Exercise

I lost 12 pounds in the past 4 months because of the "no grains" diet I was on. Now that my endocrinologist has taken me off of it and put me on Metformin, I don't want to gain the weight back.

A little background here:

I'm a college student, and I walk a mile each way to school, take the stairs when I can (usually down, because I can't do up), and campus is huge so I walk a lot in general.

I have a breathing problem, which greatly impacts my ability to exercise. I also have another issue, most likely joint/nerve/muscle, which mostly impacts my ability to exercise because of the joint problems. I started on an elliptical a few weeks ago, had to switch because of ankle issues, went to the treadmill, which I had to stop because of knee and ankle problems. I also tried a bike, which bothered my knees.

I don't know what other kinds of exercise I could really do, other than weight lifting, which I imagine will be hard on my other joints. It seems like everything I do becomes an issue with one of my undiagnosed (not for lack of trying) health problems. Even walking four miles per day (at minimum) to and from school is a problem, I just can't handle the thought of taking the bus because my health is limiting me.

Does anyone here have any experience with exercise that will help me continue to lose weight but not put any undue stress on my joints or lungs?

oh,I am sorry I did not see you are a female, definitely get a check for RA. Women have about 70% of the RA cases in the US. It is worth a look see just to see.

I don't have any joint swelling, and the nerve and muscle issues aren't indicative of RA. Honestly, it sounds more like Lupus (which can cause breathing problems) or Lyme Disease or something else along those lines. I've been tested for everything under the sun, including RA, Lupus, Lyme, Fibromyalgia, etc.
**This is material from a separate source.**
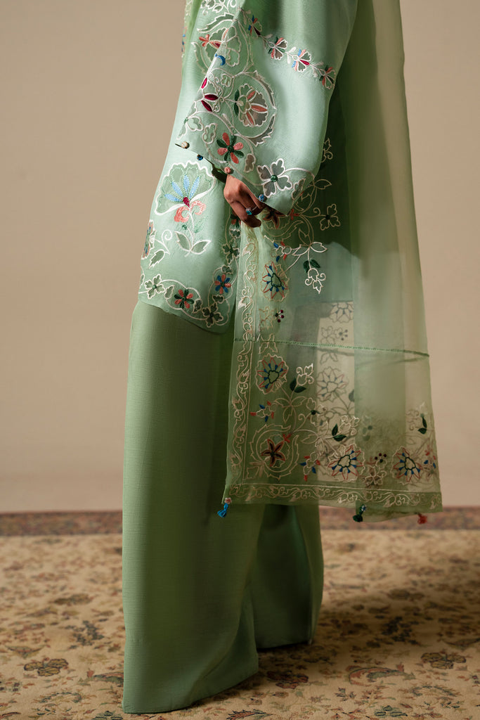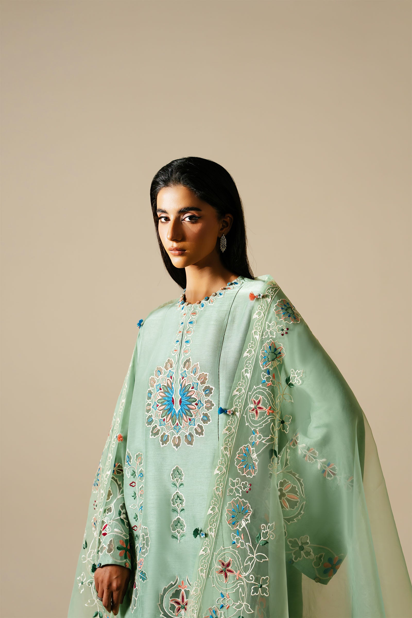 An ode to effortless sophistication, Caelina unfolds on a cool mint raw silk canvas — a vision of calm elegance and refined artistry. Delicate tribal-inspired motifs bloom across the front in shades of peach, red, and soft blue, their intricate embroidery and laser-cut details lending depth and quiet grandeur. Subtle thread tassels and button-detailed sleeves add a graceful charm, while the farshi shalwar brings movement and tradition into perfect harmony. Paired with an organza dupatta adorned with softly composed tribal florals, Caelina stands as a statement of classic beauty — serene, graceful, and eternally timeless.

I think I'm just one of those people who eludes diagnoses. (I am seeing a rheumatologist on Monday, but I'm not expecting anything from that.)

I don't think I can handle more than the walking I'm doing for school. The treadmill was also just walking, and I added a few miles a day with it, yet the added joint pain was horrendous. (And changing up the route won't change a thing, because it's flat everywhere and I take a different route every day.)

Varying the food intake, now THAT sounds like a great idea! The truth is that I'm doing my best to continue replacing most grain or processed carbs with fruit and veggies, since it became an ingrained habit to stay away from all those things over the past few months. Greek yogurt instead of a sandwich for lunch, for example. I'm about four pounds or so away from my goal weight (which I will then promptly change to something about ten pounds lower), and I'm afraid that the sudden influx of calories will cause me to gain all the weight back instantly.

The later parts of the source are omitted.